# Your favourite "ear candy"?



## brianvds (May 1, 2013)

In the visual arts, "eye candy" refers to work that might not exactly be great art, but that the viewer finds beguiling because, well, it is simply too lushly beautiful to resist (even if it doesn't "say" anything particularly deep). 

I don't know if music lovers use the term I used here, but what would your musical (classical or otherwise) equivalent?

In my case, some New Agey bits comes across as aural candy (and little else, I fear!), as well as some of those long, colorful ribbons of melody that Ravi Shankar used to weave on his sitar. And more in purely classical vein, some of the Romantic do this - Bruch comes to mind. 

What say you?


----------



## hpowders (Dec 23, 2013)

Debussy Preludes for Piano, sonically beguiling, but for me, not very deep as music. "Musical perfume" is how I would describe them.


----------



## Strange Magic (Sep 14, 2015)

Any number of the Rachmaninoff Preludes and Études Tableaux fill that description for me. Very good candy indeed!


----------



## Bettina (Sep 29, 2016)

A lot of Russian music is "ear candy" for me because of the colorful orchestration. This is particularly true of Russian exoticism--for example, Rimsky-Korsakov's Scheherazade, Borodin's In the Steppes of Central Asia, and his Polovetsian dances (I probably misspelled that because its title is so exotic!)


----------



## Nate Miller (Oct 24, 2016)

as a guitarist, I would say that description fits about 90% of the repertoire for my instrument

but I enjoy the music of Mauro Giuliani quite a bit. both playing and listening


----------



## isorhythm (Jan 2, 2015)

_The Lark Ascending_ by Vaughan Williams
_The Dharma at Big Sur_ by John Adams
_Os justi meditabitur_ by Bruckner
any Rachmaninoff


----------



## jegreenwood (Dec 25, 2015)

Nate Miller said:


> as a guitarist, I would say that description fits about 90% of the repertoire for my instrument
> 
> but I enjoy the music of Mauro Giuliani quite a bit. both playing and listening


I believe I have already described (in other threads) Parkening Plays Bach as my musical equivalent of comfort food.


----------



## geralmar (Feb 15, 2013)

Binge, Elizabethan Serenade.


----------



## Francis Poulenc (Nov 6, 2016)

If it produces a strong emotional reaction, wouldn't it be, by definition, "great art"?


----------



## Nate Miller (Oct 24, 2016)

jegreenwood said:


> I believe I have already described (in other threads) Parkening Plays Bach as my musical equivalent of comfort food.

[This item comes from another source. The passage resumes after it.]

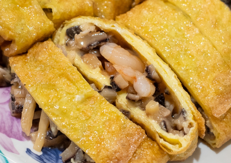 해물누룽지탕과 함께 이곳을 이야기할 때 빠지지 않는 메뉴가 바로 ‘자춘결’입니다. 달걀말이를 떠올리게 하는 이색적인 중식 요리로, 얇게 부친 달걀지단 안에 새우와 해삼, 표고버섯 등 다양한 재료를 넣어 돌돌 말아 튀겨낸 달걀 춘권입니다.

yes, Christopher Parkening plays Bach very well. I remember when he was young, he was a good looking young fella and played Bach so well a lot of guitar players I knew hated him for it

..and when I said 90% of my instrument's repertoire was ear candy, the Bach works are all in that other 10%

we're so lucky he spend those 6 years working for Prince Leopold in Cothen.


----------



## znapschatz (Feb 28, 2016)

Bettina said:


> A lot of Russian music is "ear candy" for me because of the colorful orchestration. This is particularly true of Russian exoticism--for example, Rimsky-Korsakov's Scheherazade, Borodin's In the Steppes of Central Asia, and his *Polovetsian dances* (I probably misspelled that because its title is so exotic!)


It's a transliteration from the Russian and can be spelled correctly that way. Often, it is spelled Polovtsian. Either way, you're good.


----------



## znapschatz (Feb 28, 2016)

Francis Poulenc said:


> If it produces a strong emotional reaction, wouldn't it be, by definition, "great art"?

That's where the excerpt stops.